The majority of ML classification projects optimize for accuracy. Accuracy is the wrong metric for this problem. On a factory floor, errors are not symmetric:
- A missed failure (False Negative) = unplanned downtime, possible safety incident, emergency parts → $10,000
- A false alarm (False Positive) = a technician dispatched unnecessarily → $500
That is a 20:1 cost asymmetry. Every decision in this pipeline flows from that single insight.
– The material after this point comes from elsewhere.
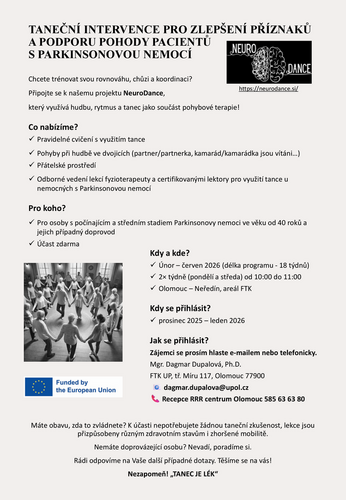 Mgr. Dagmar Dupalová představila projekt Neurodance vedený katedrou FTK UP Olomouc. Projekt zkoumá vliv tance na nemocné Parkinsonovu nemocí. Pozitivní vliv na jejich fyzickou stránku, krátkodobou paměť a celkovou duševní pohodu.

| What a standard ML project does | What this pipeline does |
|---|---|
| Optimize accuracy or generic F1 | Optimize total dollar cost: (FP × $500) + (FN × $10,000) |
| Single train/test split | 3-way stratified split — train (60%) / val (20%) / test (20%) |
| Decision threshold fixed at 0.5 | Threshold searched on validation set, reported on test set |
GridSearchCV on F1 |
GridSearchCV on a custom business-cost scorer |
| SMOTE applied to the full dataset | SMOTE inside CV folds only — no synthetic leakage |
| Pick champion by test-set F1 | Pick champion by 5-fold cross-validated F1 mean |
| No unit tests | 14 pytest unit tests covering all core functions |
Raw CSV (Google Drive / local cache)
│
▼
┌─────────────────────────────────────┐
│ data_ingestion.py │
│ Download → Schema validation │
│ Deduplication → Null audit │
│ Target column sanity check │
└──────────────────┬──────────────────┘
│
▼
┌─────────────────────────────────────┐
│ feature_engineering.py │
│ Physics feature creation │
│ Drop leakage columns │
│ 3-way stratified split (60/20/20) │
└───────┬─────────────┬───────────────┘
│ │
X_train X_val, X_test
y_train y_val, y_test
│ │
▼ │
┌─────────────────────────────────────┐
│ modeling.py │
│ 9-model zoo benchmarked via │
│ 5-fold StratifiedKFold CV │
│ │
│ Each fold pipeline: │
│ preprocessor (fit on fold only) │
│ → SMOTE (train fold only) │
│ → classifier │
│ │
│ Champion = highest CV_F1_Mean │
│ │
│ GridSearchCV tuning on │
│ business-cost scorer │
└──────────────────┬──────────────────┘
│
▼
┌─────────────────────────────────────┐
│ evaluation.py │
│ │
│ optimize_threshold(X_val, y_val) │ ← val set ONLY
│ │
│ Final report on (X_test, y_test) │ ← test set, first touch here
│ Confusion matrix · ROC · Features │
│ Save model → artifacts/models/ │
└─────────────────────────────────────┘
The three-way split is the most important design decision in this pipeline. If the threshold search and the final metric report both use the test set, the reported cost is biased downward — the threshold has "seen" the test labels. By searching on the validation set and reporting on a completely separate test set, the projected cost figure is an honest, unbiased estimate of what the system would cost in production.
Three features were engineered from first principles of thermodynamics and rotational mechanics rather than feeding raw sensor readings directly into the model.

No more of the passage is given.